Le message culture repose sur trois axes d'action : la « participation culturelle », la « cohésion sociale » et enfin la « création et l’innovation ». En d'autres termes, il s'agit de promouvoir l'accès à la culture, la culture en tant que moyen de cohésion sociale ainsi que des projets et des travaux concrets. En outre, la politique culturelle doit être mesurée à l'aune de la prise en compte des "méga-tendances" dans lesquelles le Conseil fédéral voit les principaux moteurs du changement social : mondialisation, numérisation, changement démographique, urbanisation et individualisation. Ce message a été déterminé en tant que deuxième message culture 2016-20 et la Confédération souhaite maintenant s'y tenir. Le projet du message suivant repose donc sur la continuité conceptuelle et s'adresse au Parlement pour une augmentation du budget.

Quel est l‘apport du nouveau message culture ?
En comparaison avec son prédécesseur, le nouveau message culture ne propose pas de réels changements mais définit des priorités pour un futur développement. SONART appuie bon nombre d'entre elles mais il y a des domaines où nous avons encore des réserves et l'espoir d’y voir des améliorations :
·        des sommes importantes sont prévues pour des travaux complémentaires dans le domaine de la musique et de l'éducation. Même si l'on peut s’interroger sur le fait que le budget de la culture ait à financer des obligations éducatives, nous considérons également la promotion des jeunes talents comme une tâche importante.
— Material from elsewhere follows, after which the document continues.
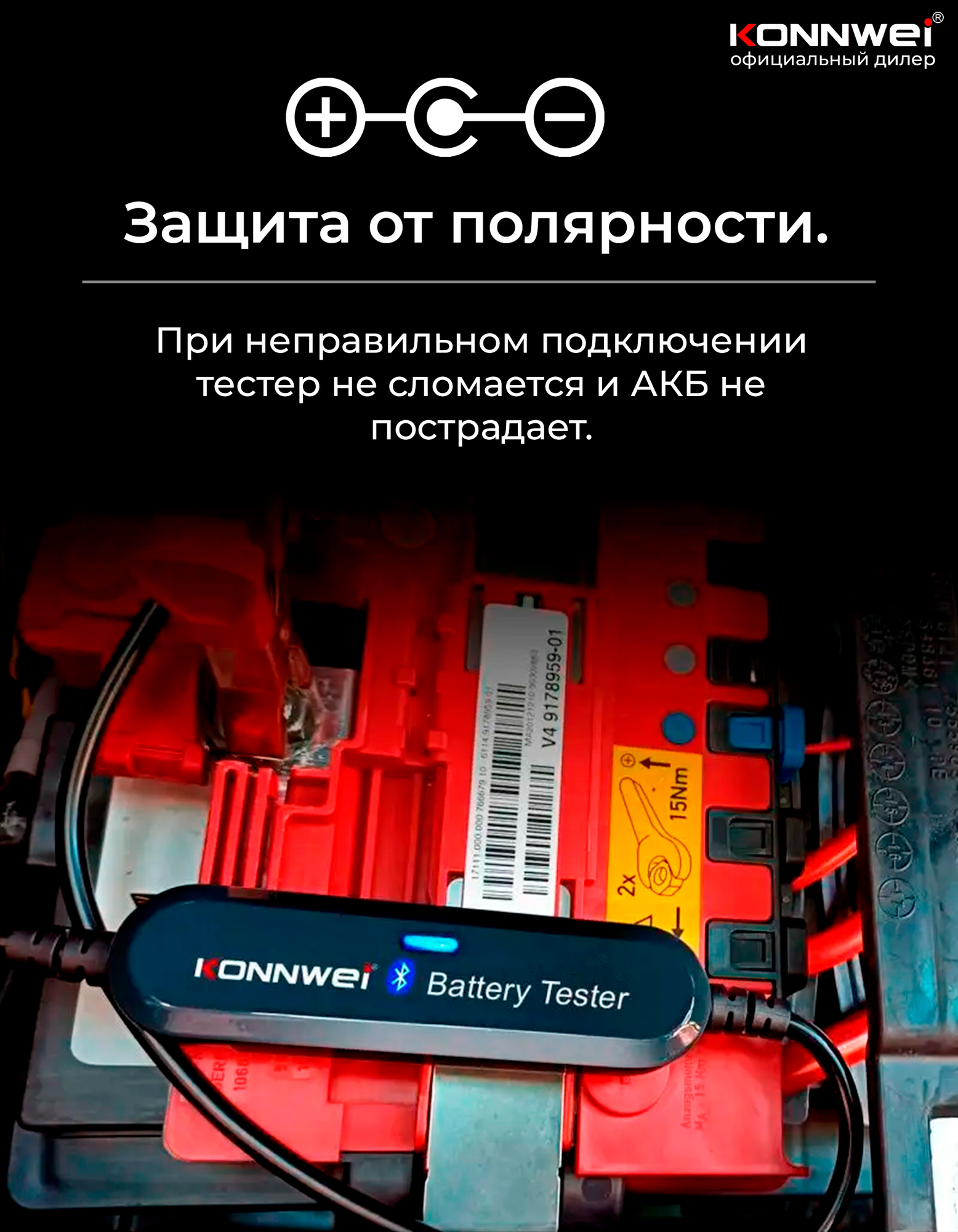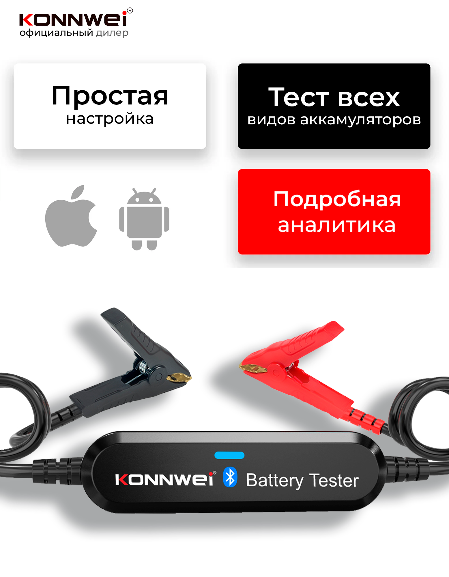 Купить Тестер аккумулятора KONNWEI BK100 Bluetooth 5.0 — анализатор АКБ, проверка пуска и зарядки, iOS/Android с доставкой по всей России.

Mais, même si le Parlement s’exprime moins en termes financiers, nous pensons que ces impératifs éducatifs ne devraient pas se faire au détriment de la promotion de la culture ;
·        nous sommes également critiques à l'égard de l'extension constante des obligations de l’OFC dans les domaines socioculturels, non pas parce qu'elles ne seraient pas importantes, mais parce qu'elles ne devraient pas se faire au détriment d'un soutien concret au travail de création ;
·        la Confédération reconnaît l'importance du journalisme culturel et entend le promouvoir de plus en plus. Cependant, les plans restent très vagues et, dans la mise en œuvre du dernier message, Dissonanz, l'un des rares magazines musicaux de référence, a été sacrifié. Cela impose des plans concrets et durables ;
·        selon nous, les priorités de Pro Helvetia dans le domaine musical (promotion des échanges internationaux et de projets, aide à l'emploi) reçoivent notre adhésion. Néanmoins, nous souhaiterions, dans le futur, être associé·e·s de manière plus étroite à l'élaboration de mesures concrètes, en particulier dans le cadre de la promotion des échanges internationaux. Pour cela, nous offrons une collaboration plus étroite.
Pour les musicien·en·s actif·ve·s en Suisse, l'enjeu de ce projet de consultation est donc de taille. Prix de musique, journalisme musical, promotions des talents et musicale, bourses et, enfin et surtout, fonctionner en tant que soutien aux associations de professionnels et d'amateurs qui font le lien entre les scènes et la politique, rôle que nous remplissons volontiers et toujours avec le souhait de pouvoir apporter une contribution qui permette à nos membres de pouvoir se concentrer pleinement sur leur travail créatif dans de bonnes conditions cadres.